大前研一 「ビジネス新大陸」の歩き方

大前氏 日本人の家計の不安はAI搭載のロボアドバイザーで解消される

 この作業をやってみると、実は、多くの人たちは最後にかなりのお金が余るということがわかる。その人たちは、余るお金を生きているうちに、人生をエンジョイするために使おう、と考えるはずだ。

 つまり、日本人はまず個々人が自分自身のファイナンシャルプランを作るべきなのだ。これだけは一般論ではなく、個別に計算しなければ、将来に対する不安は解消しない。もし、それすら面倒だというなら、いま資産運用分野で急速に進化しているロボ・アドバイザー(ロボアド)を活用し、AI(人工知能)にファイナンシャルプラン作りから投資まで、すべて任せてもよいだろう。
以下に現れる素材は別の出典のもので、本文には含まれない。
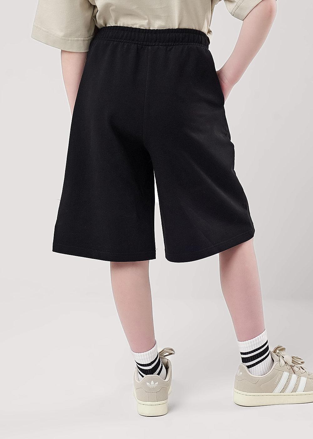 Удлиненные шорты из хлопкового футера. Для комфортной посадки пояс дополнен резинкой. В поясе изнутри регулировка кипером. Для удобства сделаны карманы в отрезном бочке.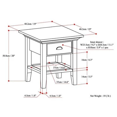 Good things really do come in small packages. Nothing could illustrate this better than the design of our Mansfield End/Side Table which features one drawer and open bottom shelf providing plenty of storage space. The table is sized perfectly to allow room for a table lamp, book and family photos. A perfect companion to any sofa or arm chair. This flexible piece can also be used as a bedside table or in multiple other settings.Efforts are made to reproduce accurate colors, variations in color may occur due to computer monitor and photography.

 そのようにして人々の将来に対する漠たる不安が払拭されれば、今は銀行などに眠っていて“死に金”となっている個人金融資産が市場に出てきて消費が拡大し、一気に景気が良くなるはずだ。

 逆に、経済効果ゼロで税金だけを浪費するアベノミクスを続けていたら日本経済は早晩行き詰まり、国債暴落とハイパーインフレを招くかもしれない。そうなれば、「異次元金融緩和」の名の下に427兆円(3月末時点)もの国債をフォアグラのように貯め込んでいる日銀は、それが腹の中で爆発するので、日本経済はジ・エンドだ。1800兆円の個人金融資産も、あっという間に雲散霧消するだろう。

 このままいくと「黄金の国ジパング」はやはり幻だった、という結末になりかねないのである。